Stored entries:
━━━

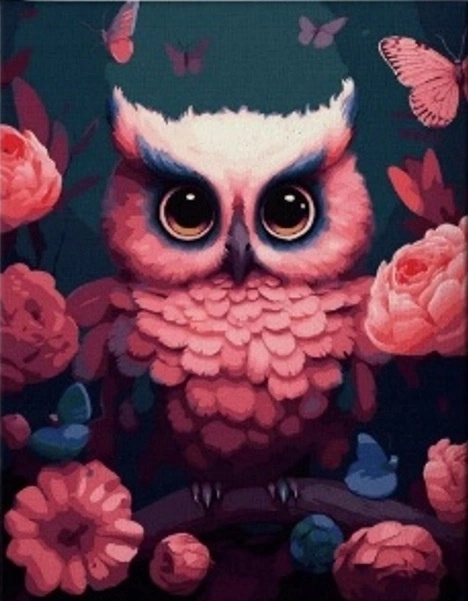 Diamantové malování Růžová sova 30 × 40 cm
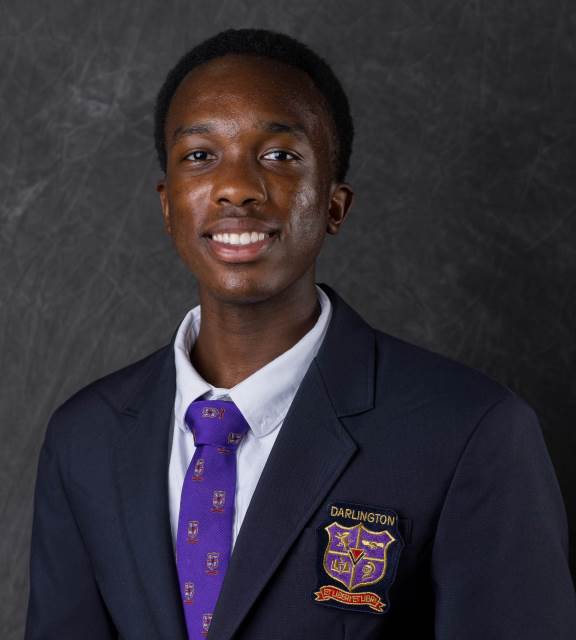 Kimani has taken five Honors and eight AP courses at Darlington. He is currently enrolled in six AP courses. Kimani serves as president of the Discipline Committee, head boarding prefect of Moser House, and is a member of the Dar Tech Team, Servant Leadership Committee, Tiger Tutors, and varsity cross country and track and field teams.
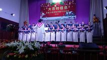 全市联合乐队奏乐《太初颂》、《以马内利来临歌》、《圣诞佳日扎起松柏》等,弟兄姐妹以舞蹈、圣剧、快板、情景剧、手语律动、小合唱、乐器合奏等不同形式表达赞美感恩、献上礼物,程聪智教师劝勉;最后是百人大合唱《宁静的伯利恒》、《道成肉身》、《哈利路亚》,乐曲神圣庄严,会众无不感动。最后由王春花牧师祝福祷告。
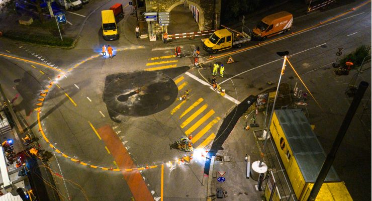 Beim Verkehrsknoten Schwabentor wird während der Bauzeit anstelle der Lichtsignalanlage ein Mini-Kreisel erstellt. Zur Erhöhung der Sicherheit gilt im ganzen Baustellenbereich Tempo 30.
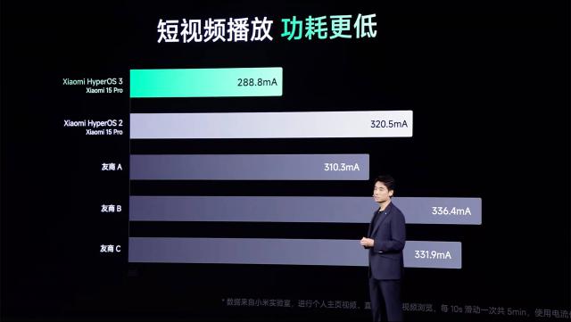虽然每天拿接近一半的屏幕时间刷短视频不太健康,但也的确是很多人的硬性需求。针对这种非常特化的使用场景,澎湃 OS 3 通过微调处理器调度和后台控制,相比 OS 2 可以实现约 30% 的功耗提升:
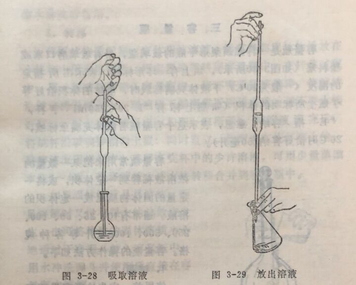 用右手的拇指和中指捏住移波管或吸量管的上端,物管的下口插入欲取的溶液中,插入不要太浅或太深,太浅会产生哪空,把溶液吸到洗耳球内弄脏溶液,太深又会在管外沾附络液过多。左手拿洗耳球,接在管的上口把溶液慢慢吸入,如图328所示,先吸入移液管或吸量管容量的1/3左右,取出,横持,并转动管子使溶液接触到刻度以上部位,以置换内壁的水分,然后将溶液从管的下口放出并弃去,如此用欲取溶液淋洗2~3次后,即可吸取溶液至刻度以上,立即用右手的食指按住管口(右手的食指应稍带潮湿,便于调节液面)。
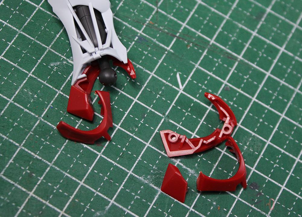 背中の赤いパーツ中央の合わせ目は段落ちモールドにしています。
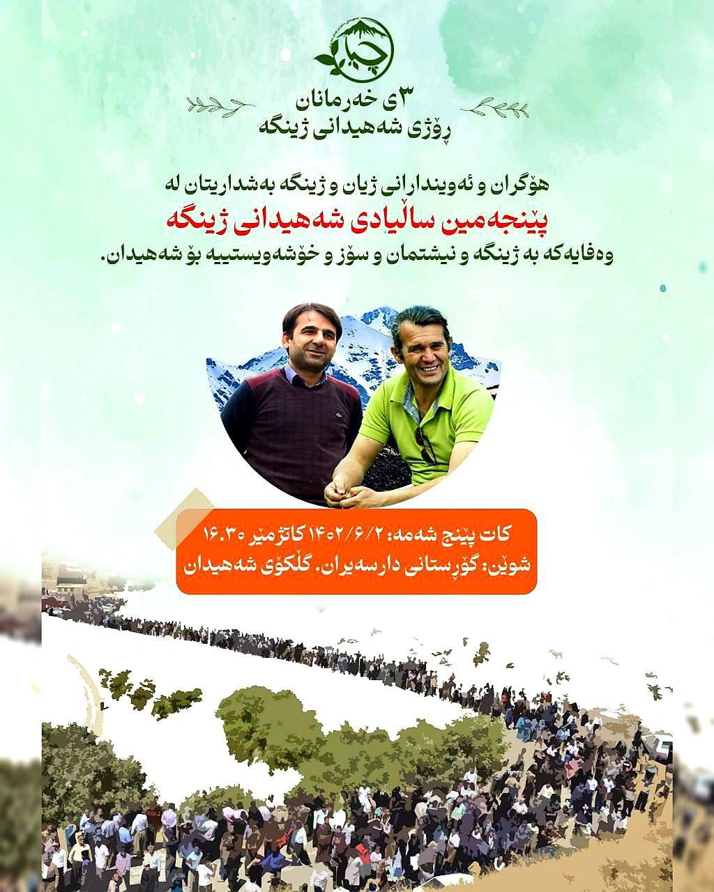 ڕۆژی چوارشهممه ١ی خهرمانان، ئازادیخوازانی كوردستان له بانگهێشتنامهیهك دا به بۆنهی ساڵڕۆژی گیانبهختكردنی چالاكانی ژینگه، داوایان له خهڵك كرد به مهبهستی ڕێزگرتن له فیداكارییهكانیان ڕۆژی پێنجشهممه ٢ی خهرمانان لهسهر مهزاری “شههیدانی ژینگه” له دارسهیران كۆببنهوه.
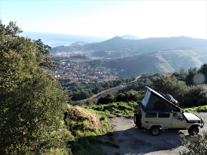 Vandaag willen we de ‘Côte Vermeille’ in Zuid Frankrijk bereiken en voor de grens van Spanje ergens de nacht doorbrengen. Het is nog een hele rit vanaf Baron. Aan het eind van de middag zien we in de verte de Pyreneeën. Via de app ‘Park4night’ vinden we een plekje bij het stadje Collioure aan de Middellandse Zee dat we net voor het donker bereiken. De parkeerplaats is helemaal leeg, echter de slagboom met hangslot belemmert ons de doorgang. Jammer! Met onze 4×4 kunnen we met gemak over het talud, maar we schatten in dat dat niet de bedoeling zal zijn. Aan de andere kant van de weg is ook een parkeerplaats. We rijden er naar toe, maar stuiten op het bordje ‘verboden te kamperen’. Opnieuw openen we de app en we zien dat er een derde plaats is op de berg boven het stadje. Dit keer geen slagboom. Wel een Frans echtpaar dat ons welkom heet. ‘Bienvenue!’ Ze zijn net terug van een wandeling en ze wensen ons een fijne avond. Jeroen klapt het dak open en Ina kookt een potje die we binnen nuttigen met uitzicht op de lichtjes van het stadje. We maken het niet laat en we duiken het bed in.
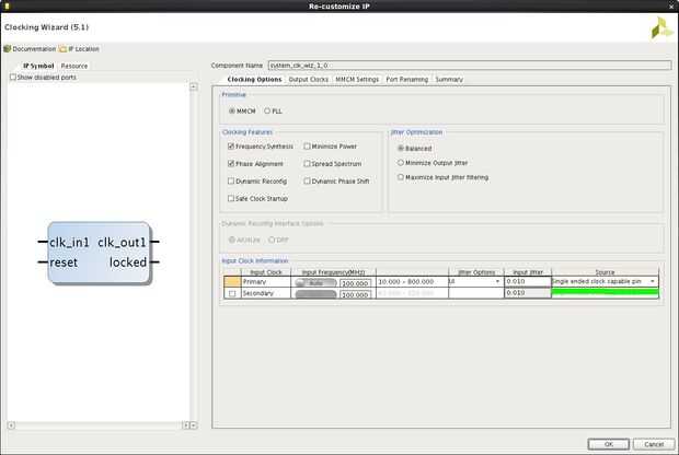 18. Haga clic en "Automatización de funcionamiento bloque" y elija /clk_wiz_1/clk_in1 pulse Aceptar

━━━

From the records above, copy only the lines running from the line holding "虽然每天拿接近一半的屏幕时间刷短视频不太健康,但也的确是很多人的硬性需求。针对这种非常特化的使用场景,澎湃 OS 3" through the line holding "背中の赤いパーツ中央の合わせ目は段落ちモールドにしています。", with no pictures.

*Exercise solution*.
虽然每天拿接近一半的屏幕时间刷短视频不太健康,但也的确是很多人的硬性需求。针对这种非常特化的使用场景,澎湃 OS 3 通过微调处理器调度和后台控制,相比 OS 2 可以实现约 30% 的功耗提升:
 用右手的拇指和中指捏住移波管或吸量管的上端,物管的下口插入欲取的溶液中,插入不要太浅或太深,太浅会产生哪空,把溶液吸到洗耳球内弄脏溶液,太深又会在管外沾附络液过多。左手拿洗耳球,接在管的上口把溶液慢慢吸入,如图328所示,先吸入移液管或吸量管容量的1/3左右,取出,横持,并转动管子使溶液接触到刻度以上部位,以置换内壁的水分,然后将溶液从管的下口放出并弃去,如此用欲取溶液淋洗2~3次后,即可吸取溶液至刻度以上,立即用右手的食指按住管口(右手的食指应稍带潮湿,便于调节液面)。
 背中の赤いパーツ中央の合わせ目は段落ちモールドにしています。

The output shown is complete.